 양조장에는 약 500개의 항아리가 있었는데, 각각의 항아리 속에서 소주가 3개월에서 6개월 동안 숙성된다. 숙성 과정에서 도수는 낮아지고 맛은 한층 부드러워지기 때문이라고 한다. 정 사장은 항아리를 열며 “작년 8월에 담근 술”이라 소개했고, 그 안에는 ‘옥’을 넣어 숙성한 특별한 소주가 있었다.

▬▬▬

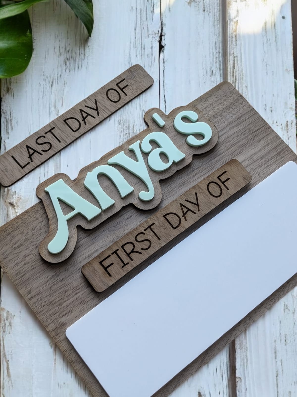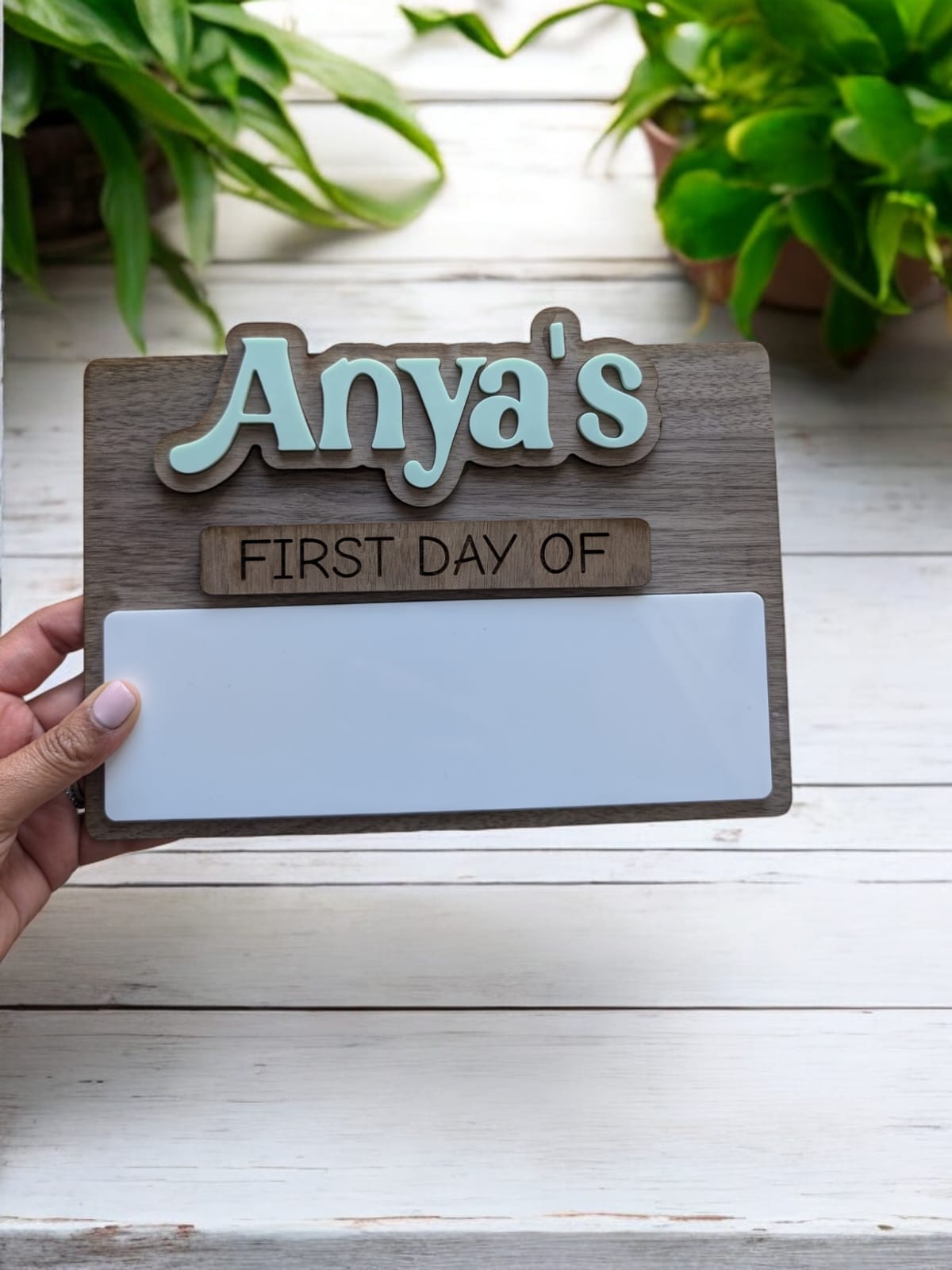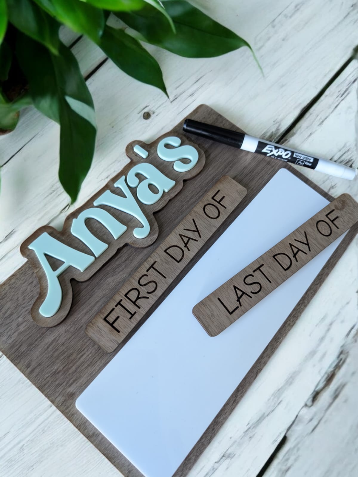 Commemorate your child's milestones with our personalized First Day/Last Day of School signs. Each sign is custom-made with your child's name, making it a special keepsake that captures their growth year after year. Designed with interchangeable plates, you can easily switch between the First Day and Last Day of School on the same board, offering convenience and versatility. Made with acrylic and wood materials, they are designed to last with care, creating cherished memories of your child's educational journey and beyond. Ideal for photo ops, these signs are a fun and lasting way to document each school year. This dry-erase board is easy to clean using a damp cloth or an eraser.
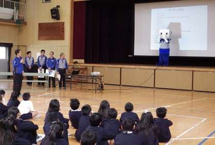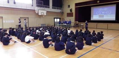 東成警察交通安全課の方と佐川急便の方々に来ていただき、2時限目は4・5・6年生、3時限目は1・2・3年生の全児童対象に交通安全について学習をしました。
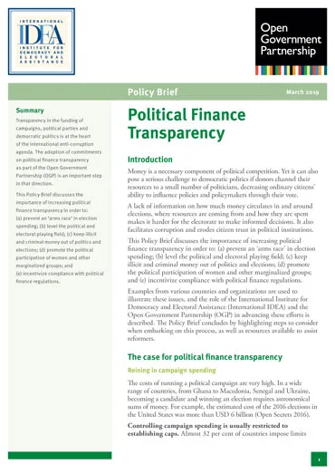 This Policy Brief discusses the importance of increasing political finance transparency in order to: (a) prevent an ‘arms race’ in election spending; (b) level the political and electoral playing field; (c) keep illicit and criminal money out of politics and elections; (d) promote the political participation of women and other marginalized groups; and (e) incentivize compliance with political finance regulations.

▬▬▬

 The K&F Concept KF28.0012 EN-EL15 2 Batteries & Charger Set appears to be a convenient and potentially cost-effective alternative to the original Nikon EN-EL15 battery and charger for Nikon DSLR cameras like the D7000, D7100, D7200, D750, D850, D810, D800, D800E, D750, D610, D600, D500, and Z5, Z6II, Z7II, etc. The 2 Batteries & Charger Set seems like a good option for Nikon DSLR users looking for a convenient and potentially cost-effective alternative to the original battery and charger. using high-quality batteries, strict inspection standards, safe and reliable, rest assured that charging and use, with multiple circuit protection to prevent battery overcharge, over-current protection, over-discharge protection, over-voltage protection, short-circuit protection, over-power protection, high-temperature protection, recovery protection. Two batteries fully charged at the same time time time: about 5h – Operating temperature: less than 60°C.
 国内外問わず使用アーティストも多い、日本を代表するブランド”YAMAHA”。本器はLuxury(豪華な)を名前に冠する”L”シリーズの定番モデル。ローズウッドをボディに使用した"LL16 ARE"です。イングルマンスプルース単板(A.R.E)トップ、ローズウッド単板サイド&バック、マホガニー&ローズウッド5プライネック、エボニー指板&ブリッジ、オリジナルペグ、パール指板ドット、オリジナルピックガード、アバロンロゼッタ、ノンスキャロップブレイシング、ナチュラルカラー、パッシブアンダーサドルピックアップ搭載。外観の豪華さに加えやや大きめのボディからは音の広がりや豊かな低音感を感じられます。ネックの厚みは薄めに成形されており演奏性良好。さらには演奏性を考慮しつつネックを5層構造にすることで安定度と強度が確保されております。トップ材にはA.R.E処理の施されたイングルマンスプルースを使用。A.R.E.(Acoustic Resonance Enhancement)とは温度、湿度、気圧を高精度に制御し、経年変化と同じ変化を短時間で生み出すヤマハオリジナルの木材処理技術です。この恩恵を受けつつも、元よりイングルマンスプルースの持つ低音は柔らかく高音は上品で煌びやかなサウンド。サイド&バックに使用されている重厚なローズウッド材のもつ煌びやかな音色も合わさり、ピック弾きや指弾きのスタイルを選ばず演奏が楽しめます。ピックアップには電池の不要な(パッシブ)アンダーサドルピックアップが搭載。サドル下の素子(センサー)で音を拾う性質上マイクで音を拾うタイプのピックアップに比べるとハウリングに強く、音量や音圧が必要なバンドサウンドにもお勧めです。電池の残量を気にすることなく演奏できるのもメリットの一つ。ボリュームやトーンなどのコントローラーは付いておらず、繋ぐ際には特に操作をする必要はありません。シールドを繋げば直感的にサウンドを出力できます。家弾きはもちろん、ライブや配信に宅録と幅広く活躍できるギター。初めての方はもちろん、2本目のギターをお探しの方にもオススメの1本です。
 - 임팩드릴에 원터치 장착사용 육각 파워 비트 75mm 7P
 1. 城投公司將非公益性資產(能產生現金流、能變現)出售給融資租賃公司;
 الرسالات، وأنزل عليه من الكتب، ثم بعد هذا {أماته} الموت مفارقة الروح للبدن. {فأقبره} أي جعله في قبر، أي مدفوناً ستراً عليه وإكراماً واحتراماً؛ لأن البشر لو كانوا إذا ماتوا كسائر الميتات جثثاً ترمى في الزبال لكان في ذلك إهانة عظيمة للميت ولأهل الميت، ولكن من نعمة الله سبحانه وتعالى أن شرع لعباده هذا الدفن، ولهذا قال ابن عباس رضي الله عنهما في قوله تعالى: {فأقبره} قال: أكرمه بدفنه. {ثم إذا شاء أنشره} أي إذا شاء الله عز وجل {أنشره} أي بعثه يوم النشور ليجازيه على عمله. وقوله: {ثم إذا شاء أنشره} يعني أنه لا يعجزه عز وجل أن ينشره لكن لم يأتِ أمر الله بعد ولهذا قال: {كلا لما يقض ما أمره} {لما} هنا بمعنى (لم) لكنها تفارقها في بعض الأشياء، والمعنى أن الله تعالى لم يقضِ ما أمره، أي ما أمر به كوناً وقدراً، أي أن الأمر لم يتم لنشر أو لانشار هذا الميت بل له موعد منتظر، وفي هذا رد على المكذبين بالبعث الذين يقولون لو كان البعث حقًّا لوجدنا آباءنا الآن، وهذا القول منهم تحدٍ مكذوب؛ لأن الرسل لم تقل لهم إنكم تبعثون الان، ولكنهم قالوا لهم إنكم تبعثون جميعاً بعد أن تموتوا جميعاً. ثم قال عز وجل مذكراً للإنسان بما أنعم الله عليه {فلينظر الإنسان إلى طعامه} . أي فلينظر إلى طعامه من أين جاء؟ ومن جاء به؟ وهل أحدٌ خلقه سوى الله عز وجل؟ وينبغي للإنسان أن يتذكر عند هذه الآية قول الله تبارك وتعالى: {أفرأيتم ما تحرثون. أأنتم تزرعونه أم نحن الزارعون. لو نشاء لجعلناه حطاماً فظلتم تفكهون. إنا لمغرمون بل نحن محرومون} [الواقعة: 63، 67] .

▬▬▬

* **REQUIRED WORK**
Repeat exactly the lines of the listing above, from the one with "- 임팩드릴에 원터치 장착사용 육각 파워 비트 75mm 7P" down to the one with "1. 城投公司將非公益性資產(能產生現金流、能變現)出售給融資租賃公司;"; both of those lines belong in the range.

* **WRITTEN ANSWER**
 - 임팩드릴에 원터치 장착사용 육각 파워 비트 75mm 7P
 1. 城投公司將非公益性資產(能產生現金流、能變現)出售給融資租賃公司;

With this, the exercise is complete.